#### [Required action]
Output nothing but the lines from the first line of the listing below through the line containing "Wunderschönes schulterfreies langes", printed exactly and free of pictures.

#### [Record set]
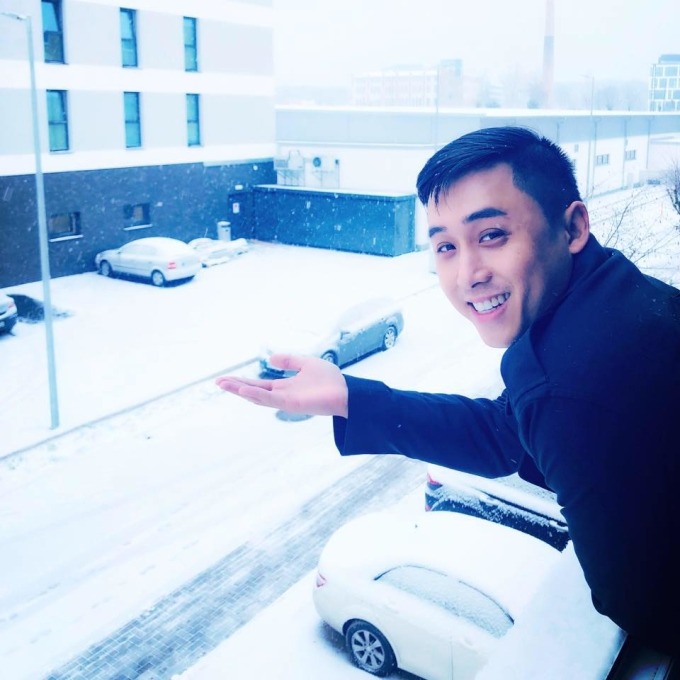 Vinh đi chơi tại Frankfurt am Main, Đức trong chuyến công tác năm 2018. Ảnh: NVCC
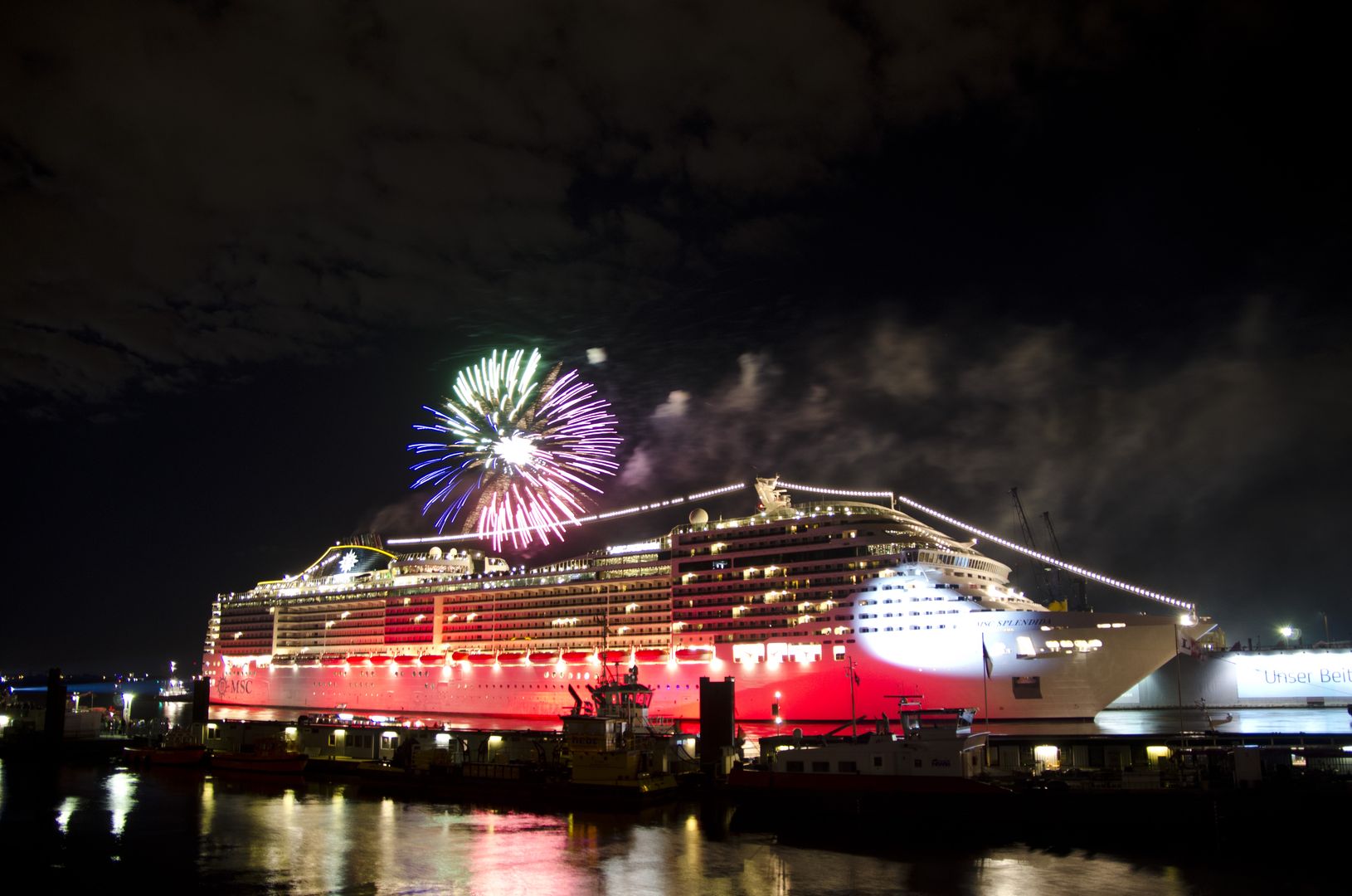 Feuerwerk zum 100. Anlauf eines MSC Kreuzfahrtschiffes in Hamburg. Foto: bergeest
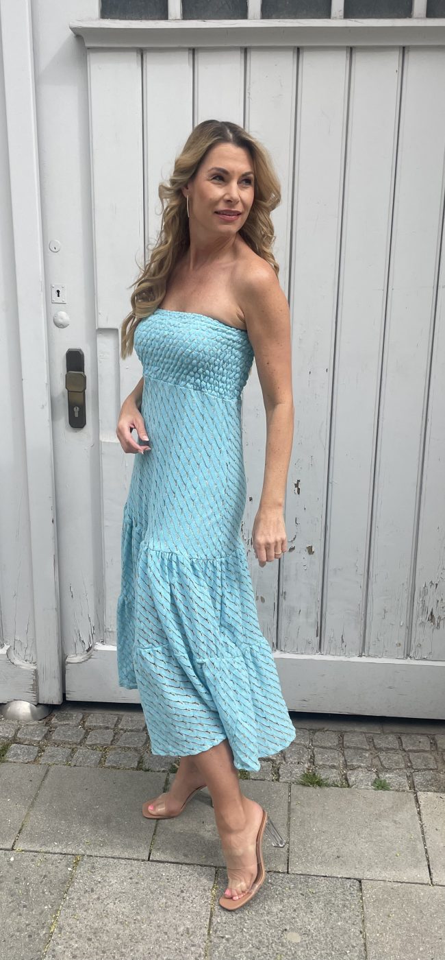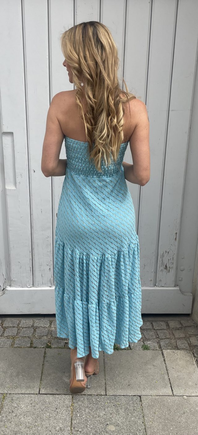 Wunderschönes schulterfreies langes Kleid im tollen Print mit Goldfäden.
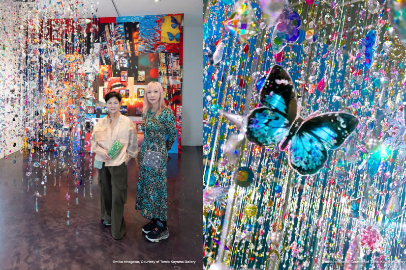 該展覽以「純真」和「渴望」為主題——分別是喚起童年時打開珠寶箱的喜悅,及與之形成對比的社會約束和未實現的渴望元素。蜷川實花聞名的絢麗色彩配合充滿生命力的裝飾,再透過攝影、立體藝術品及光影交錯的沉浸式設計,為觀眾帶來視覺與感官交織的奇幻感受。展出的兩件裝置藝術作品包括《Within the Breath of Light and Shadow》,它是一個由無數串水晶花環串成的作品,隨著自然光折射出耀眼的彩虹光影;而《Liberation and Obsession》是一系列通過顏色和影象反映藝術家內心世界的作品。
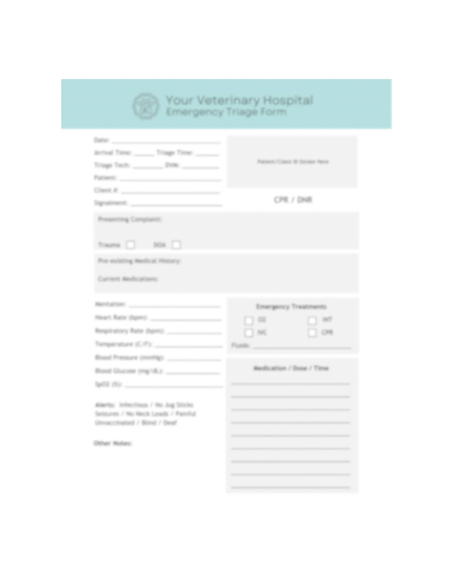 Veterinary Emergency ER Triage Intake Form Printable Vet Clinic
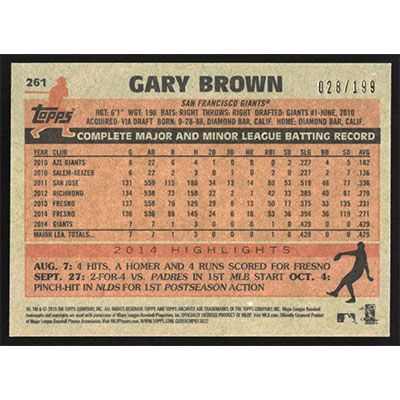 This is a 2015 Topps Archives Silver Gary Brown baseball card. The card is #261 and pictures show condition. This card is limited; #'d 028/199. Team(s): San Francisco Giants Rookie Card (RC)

#### [The completed task]
 Vinh đi chơi tại Frankfurt am Main, Đức trong chuyến công tác năm 2018. Ảnh: NVCC
 Feuerwerk zum 100. Anlauf eines MSC Kreuzfahrtschiffes in Hamburg. Foto: bergeest
 Wunderschönes schulterfreies langes Kleid im tollen Print mit Goldfäden.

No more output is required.